Irish author John Banville won the Man Booker prize in 2005 for his novel The Sea, and among many other nominations and awards, is considered a contender for the Nobel Prize in Literature.

He also writes mysteries under the name Benjamin Black, specifically the Quirke series of detective novels, and a Philip Marlowe novel The Black Eyed Blonde.

The Lemur is a novella originally commissioned by The New York Times Magazine.

Once-celebrated journalist John Glass leads an ostensibly luxurious and comfortable life in New York, indifferently married to the wealthy daughter of a top communications magnate. When Bill Mulholland asks his son-in-law to write his authorized biography, John interviews a shifty researcher who reminds him of a lemur. The next day, the lemur suggests he has interesting information, and then turns up dead. Could father Bill Mulholland have used his CIA connections to prevent embarrassing information becoming public? Or, was the information exposing something in Johns own life? What Glass discovers are family secrets so deep, any one might kill to keep them hidden.

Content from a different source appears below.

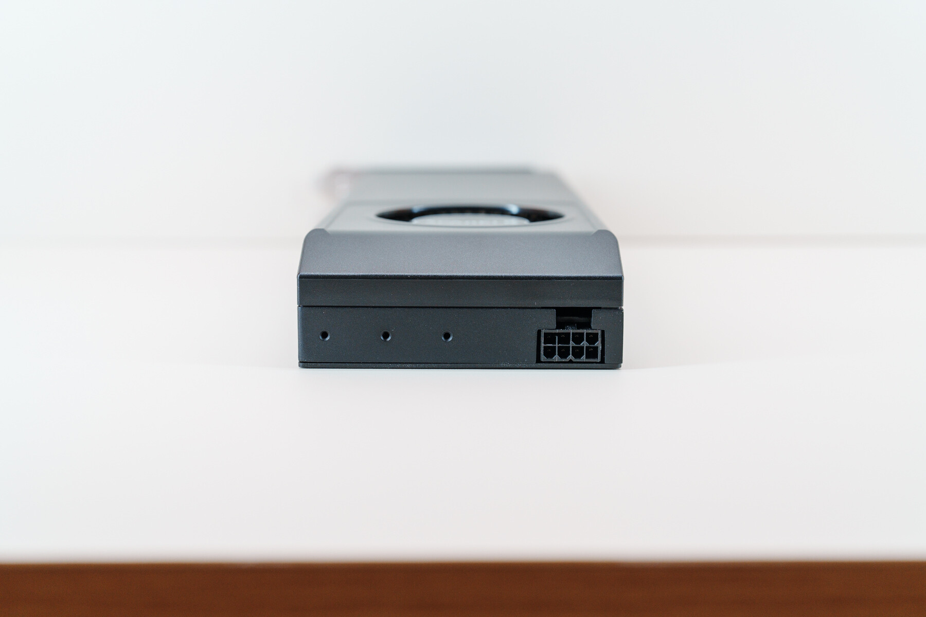 值得一提的是,这款显卡的供电接口设计在了显卡尾部,而非PCB板侧,这样的设计能够避免供电线接入后导致显卡整体超高,无法适配紧凑型机箱;而显卡PCB并未贯穿至尾部,供电接口通过飞线焊接的方式与PCB连接,在不影响电气性能的前提下,最大化优化了机箱空间适配性。
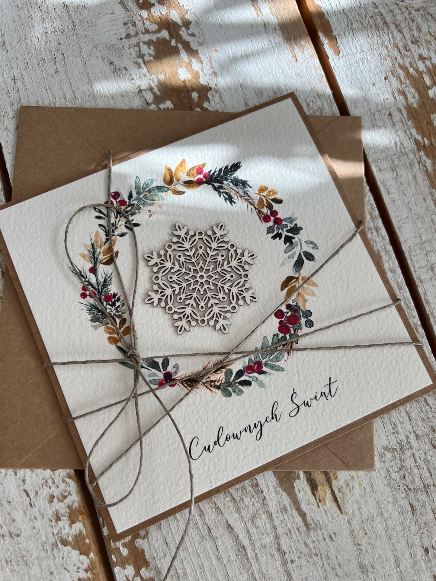 Wyjątkowa ręcznie robiona kartka świąteczna na Boże Narodzenie na piękne życzenia świąteczne - prezent

Less a mystery than an intriguing look into a dysfunctional family dynamic, this is so well written with each line packed with energy. I was 17 pages into it when I marvelled at how much Black conveyed, the choice of words and actions. We follow Glass as he balances his street level life of pubs and sources with the pristine rules of extreme wealth - literally living in a Glass tower, swaying with vertigo.

My complaint would be that it is too short - perhaps I enjoyed it too much to want it to end, I could have read more of his observant prose. The last book I read that was so concise and entirely engaging was The Collini Case.

Really recommended for New York atmosphere. Top marks.